So, we’ve got two see-through buildings. Our next step will be to add three equally-spaced floors above the ground floor. We’ll start with the building on the left and put a floor in the center of the structure. Remember to control the line weights; we’re going to end up with lots of lines crossing one another. Controlling the relative weights will really help you see it all clearly. Once again, to find the center we’ll use diagonals, and then draw a horizontal line.
Now we’ll draw the lines representing the long dimension of the floor receding into space. We’ll start at both right and left sides of the horizontal, and draw lines back toward the vanishing point. We’ll stop at the intersection with the vertical lines representing the back of the building. Connect the ends of the two receding diagonals to complete this part of the floor.
Now, let’s add some thickness to the floor. I’m going to make it about an eighth of an inch on the front face of the building, then vanish back. We’ll repeat this set of steps to create a floor below this one.
- Find the center
- Make a horizontal
- Vanish it back
- And add the same thickness.
Now for an upper floor.
- Once again we’ll find the center and draw a horizontal.
- This time we’ll draw the thickness first and vanish both horizontal lines back toward the vanishing point.
- Then draw the underside of this plane.
Once you’ve done this, add identical floors to the building on the right.
Now we’re just about ready to add windows to the receding plane of our building. But before we do, and since we’re talking about space, let’s do a little more work on managing line weights to make the drawing more compelling; more clearly readable. As we’ve seen before, the kneaded eraser will do a good job of incrementally diminishing a line’s weight. We can drag it over certain lines, or sections of lines, varying the pressure to control how much graphite we remove. The twin keys are thinking spatially and hierarchically at the same time; balancing the two is where a lot of the art comes in. Thinking spatially, thinking in terms of atmospheric perspective, and applying this to line, tells us to adjust the things farthest away so they have the least contrast.
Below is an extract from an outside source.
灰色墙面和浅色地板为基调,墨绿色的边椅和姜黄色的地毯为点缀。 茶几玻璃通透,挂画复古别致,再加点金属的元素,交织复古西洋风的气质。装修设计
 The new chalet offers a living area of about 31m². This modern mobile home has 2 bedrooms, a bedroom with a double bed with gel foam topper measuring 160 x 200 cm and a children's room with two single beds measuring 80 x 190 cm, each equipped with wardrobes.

The contrast here is that of the line relative to the white of the paper. The lighter the line, the more similar to the paper, the less contrast; this equals farther away. The darker the line relative to the paper, the closer. We have to integrate this way of thinking with thinking hierarchically. The higher the contrast of line to paper, all else being equal, the more it will attract the viewer’s eye; higher contrast gets more attention. Part of the question here is what should be more prominent and what less so based on spatial and hierarchical considerations? So take a look at your drawing. Ask yourself are any of the lines too prominent? Are any not prominent enough? And you can make adjustments back and forth.
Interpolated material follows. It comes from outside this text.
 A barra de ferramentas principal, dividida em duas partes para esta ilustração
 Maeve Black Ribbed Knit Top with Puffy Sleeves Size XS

The higher the contrast of line to paper, all else being equal, the more it will attract the viewer’s eye; higher contrast gets more attention.
Now we’re ready to construct our windows. We’ll create four vertical bays for windows in the long foreshortened and receding plane facing the quadrangle. And we’ll make a brief detour to learn how to draw regularly repeating shapes that appear to diminish in size as they become more distant from the viewer—things like the tiles on the ground in the Raphael, or the windows in Canaletto’s painting of San Marco.
Here’s the basic principle; hold off drawing here. We know that we can locate the center of a rectangle by finding the intersection of the rectangle’s diagonals. What really helps us in linear perspective is that this will also work in a foreshortened shape, like the side plane of our building.
Crossing diagonals will yield the perspectival center of the shape. So to create four vertical bays of windows, we could draw a vertical through the center point and repeat on either side to create quarters; and voilà, four bays for windows. But there’s a more sophisticated way of doing this, which will open up a range of further possibilities. Let’s come back to our front view again. If we have a rectangle divided along the horizontal half and traverse it with the rectangle’s diagonal, the point of intersection will similarly be the center point of the rectangle. And this will also work in foreshortened shapes like trapezoids; it will locate the perspectival center.
And this will work in perspective, too, if the trapezoid’s divided into regular horizontal intervals. They’re diagonals, of course, receding into a vanishing point, but they represent what would be horizontals seen face-on. So all we need to do is draw a diagonal from corner to corner, and the points of intersection will indicate where our divisions should be.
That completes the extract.